Unless Americans start demanding from their congressional representatives and senators  a degree of bipartisanship, mutual cooperation, concern for America rather than party ideology, and putting the welfare of all Americans as their foremost responsibility we are doomed as a democratic republic.

Appropriate…

Mending Wall

by Robert Frost
Something there is that doesn’t love a wall,
That sends the frozen-ground-swell under it,
And spills the upper boulders in the sun;
And makes gaps even two can pass abreast.

The work of hunters is another thing:
I have come after them and made repair
Where they have left not one stone on a stone,
But they would have the rabbit out of hiding,
To please the yelping dogs.
The gaps I mean,
No one has seen them made or heard them made,
But at spring mending-time we find them there.

I let my neighbor know beyond the hill;
And on a day we meet to walk the line
And set the wall between us once again.

We keep the wall between us as we go.

To each the boulders that have fallen to each.

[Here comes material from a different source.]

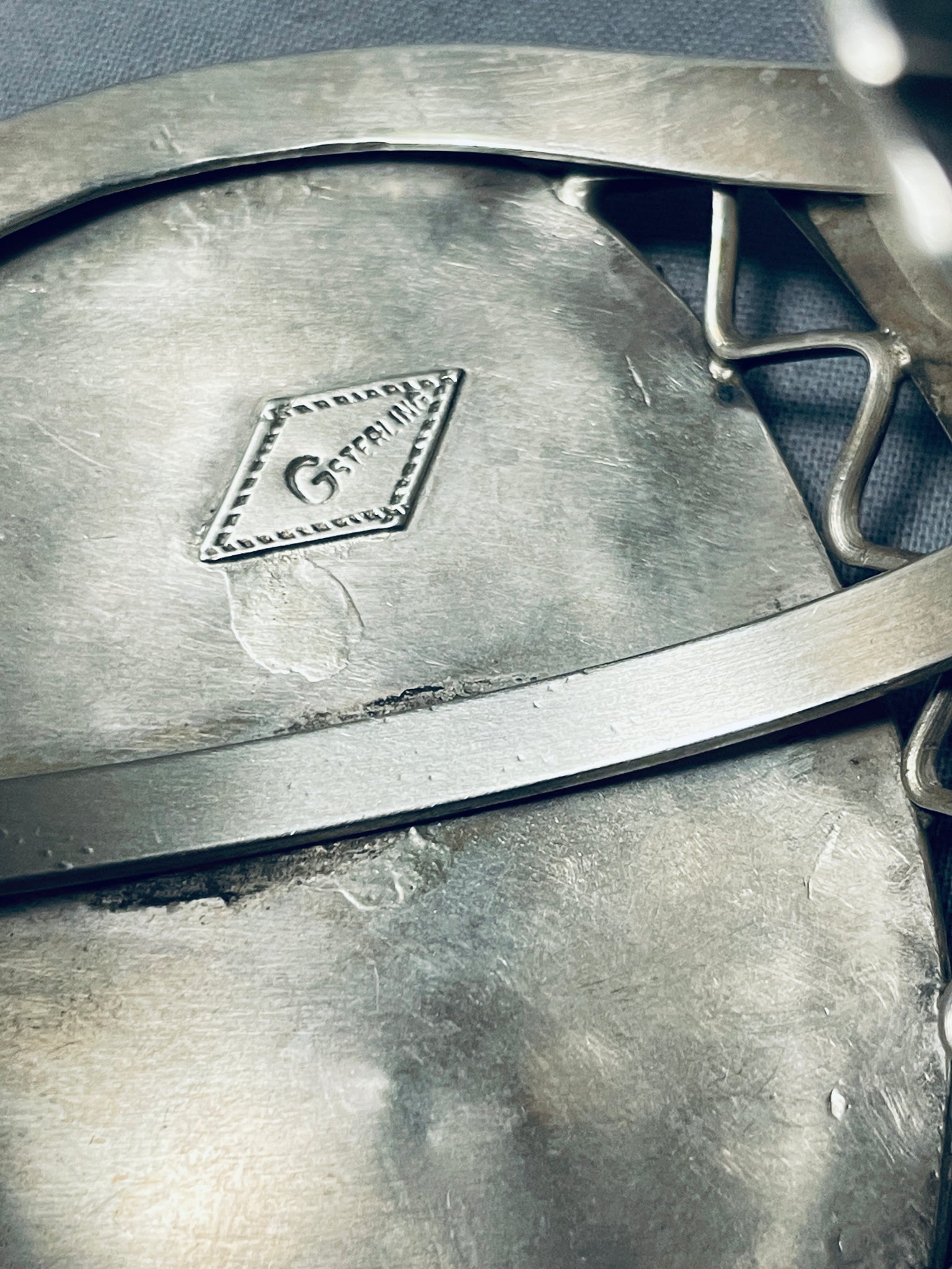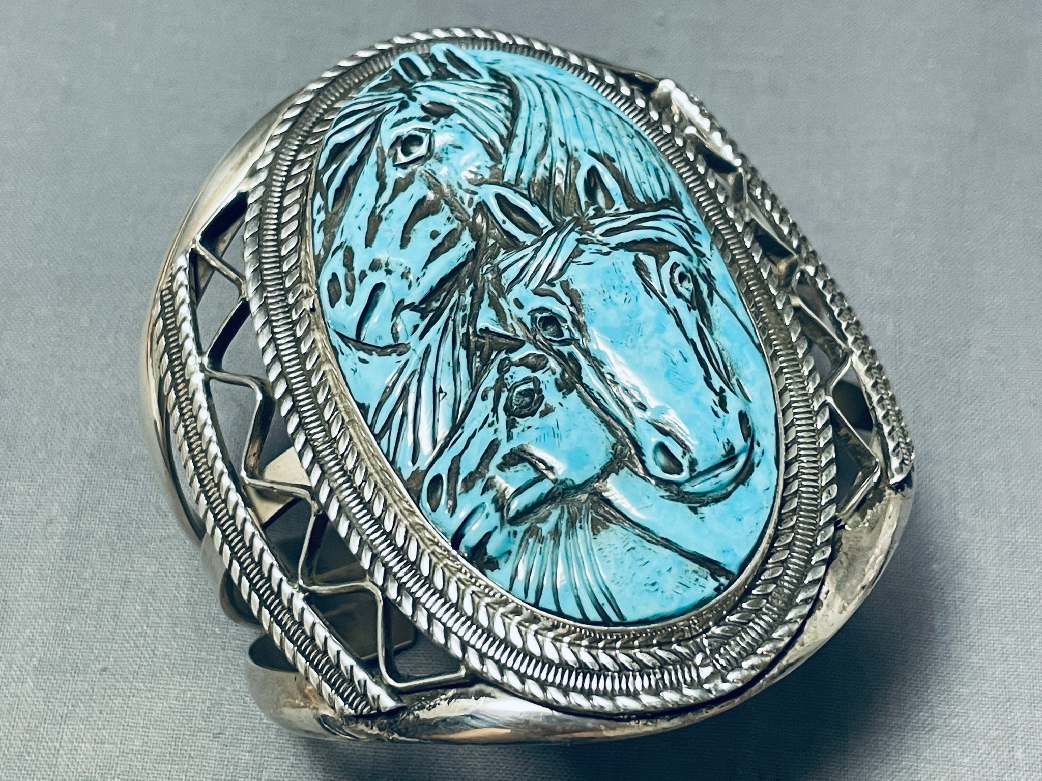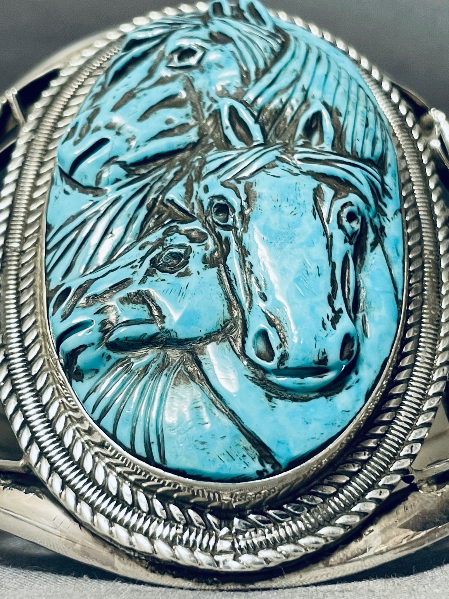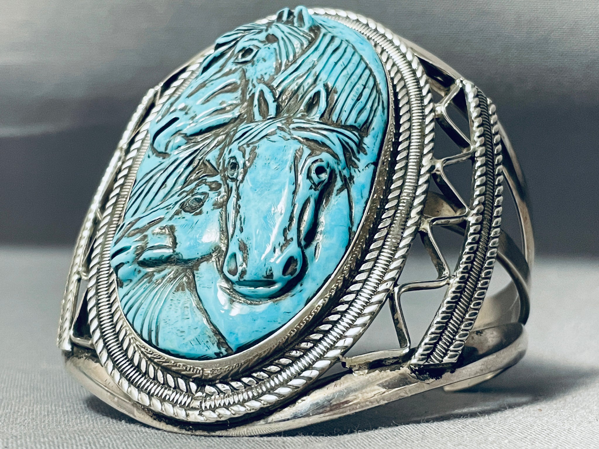 This is a museum quality large hand carved single stone silver bracelet handmade by the famous artist, Francisco Gomez. This impeccable bracelet contains a huge center hand carved single stone that appears to be from the incredible Sleeping Beauty turquoise mine. The carving on the stone is absolutely impressive and contains three hand carved VERY DETAILED horses. Bordering the turquoise stone are wonderful silver ropes and channel works with accenting zigzag flanks and more beautiful rope flanks. This bracelet includes a stunning thick and sturdy triple silver shank cuff that is heavy. The center stone measures around 2-3/8" x 1-1/2". The width of the bracelet measures around 3". Signed by artist, Francisco Gomez. Sterling silver, marked. Cir. 1970's+. The inside end to end measures around 6" with an additional 1-1/4" gap. Sturdy 96 grams.

And some are loaves and some so nearly balls
We have to use a spell to make them balance:
“Stay where you are until our backs are turned!”
We wear our fingers rough with handling them.

Oh, just another kind of outdoor game,
One on a side.
It comes to little more:
There where it is we do not need the wall:
He is all pine and I am apple orchard.

My apple trees will never get across
And eat the cones under his pines, I tell him.

He only says, “Good fences make good neighbors.

Spring is the mischief in me, and I wonder
If I could put a notion in his head:
“Why do they make good neighbors?  Isn’t it
Where there are cows?  But here there are no cows.

Before I built a wall I’d ask to know
What I was walling in or walling out,
And to whom I was like to give offense.

Something there is that doesn’t love a wall,
That wants it down.
”  I could say “Elves” to him,
But it’s not elves exactly, and I’d rather
He said it for himself.
I see him there
Bringing a stone grasped firmly by the top
In each hand, like an old-stone savage armed.

He moves in darkness as it seems to me,
Not of woods only and the shade of trees.

He will not go behind his father’s saying,
And he likes having thought of it so well
He says again, “Good fences make good neighbors.